Write out the entire listing below exactly as it appears, minus any pictures.

**SUPPLIED DATA**.
——

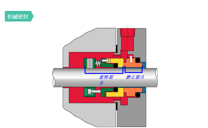 機封總是由旋轉部件(黃色部分)和靜止部件(橙色部分)兩大部分組成,兩相對運動的動,靜環面成為密封的主密封面。
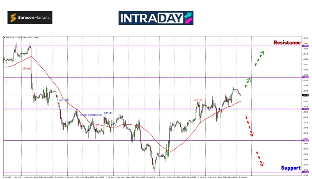 Namun jika harga kembali membuat penurunan, sokongan awal harga berada pada paras 1.25000.
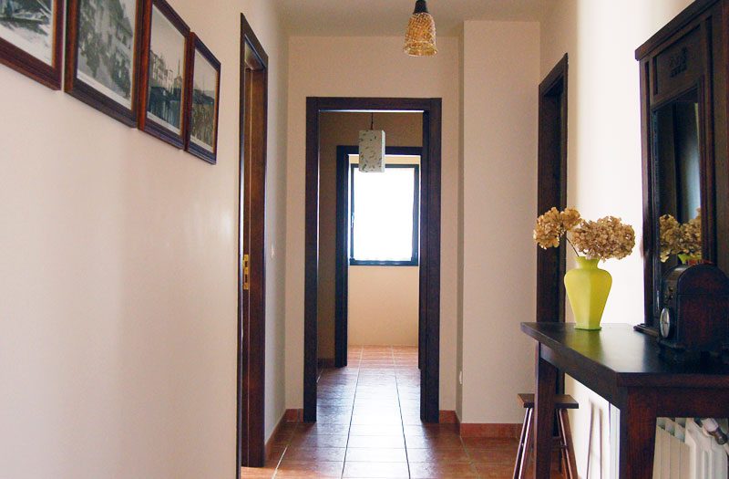 Dispone de 5 habitaciones dobles, una de ellas, que ocupa la antigua cocina de la casa, conserva la antigua lareira. Hay 3 con cama de matrimonio en la primera planta y las otras 2 en el ático, 1 con cama de matrimonio y 1 con dos camas; 4 baños (uno en el ático, uno en la primera planta, uno en la planta baja y otro en la sala de juegos), cocina completamente equipada; comedor; un salón de lectura; un salón con chimenea; gran comedor rústico (60 m²) con lareira, horno de piedra-barbacoa y zona de juegos. La casa cuenta con un gran jardín cercado (1500 m²), con espectaculares vistas a la Ría de Arousa y a la Sierra del Barbanza, hórreo, lavadero, árboles frutales y ornamentales, viña y un petroglifo (gravado de más de 4000 años). Está rodeado de hortensias y podrá disfrutar de los aromas de la lavanda, de la hierba luisa, de la malva, del romero y contemplar las espectaculares puestas de sol tras el Barbanza.

——

**SOLUTION FOR THIS TASK**.
 機封總是由旋轉部件(黃色部分)和靜止部件(橙色部分)兩大部分組成,兩相對運動的動,靜環面成為密封的主密封面。
 Namun jika harga kembali membuat penurunan, sokongan awal harga berada pada paras 1.25000.
 Dispone de 5 habitaciones dobles, una de ellas, que ocupa la antigua cocina de la casa, conserva la antigua lareira. Hay 3 con cama de matrimonio en la primera planta y las otras 2 en el ático, 1 con cama de matrimonio y 1 con dos camas; 4 baños (uno en el ático, uno en la primera planta, uno en la planta baja y otro en la sala de juegos), cocina completamente equipada; comedor; un salón de lectura; un salón con chimenea; gran comedor rústico (60 m²) con lareira, horno de piedra-barbacoa y zona de juegos. La casa cuenta con un gran jardín cercado (1500 m²), con espectaculares vistas a la Ría de Arousa y a la Sierra del Barbanza, hórreo, lavadero, árboles frutales y ornamentales, viña y un petroglifo (gravado de más de 4000 años). Está rodeado de hortensias y podrá disfrutar de los aromas de la lavanda, de la hierba luisa, de la malva, del romero y contemplar las espectaculares puestas de sol tras el Barbanza.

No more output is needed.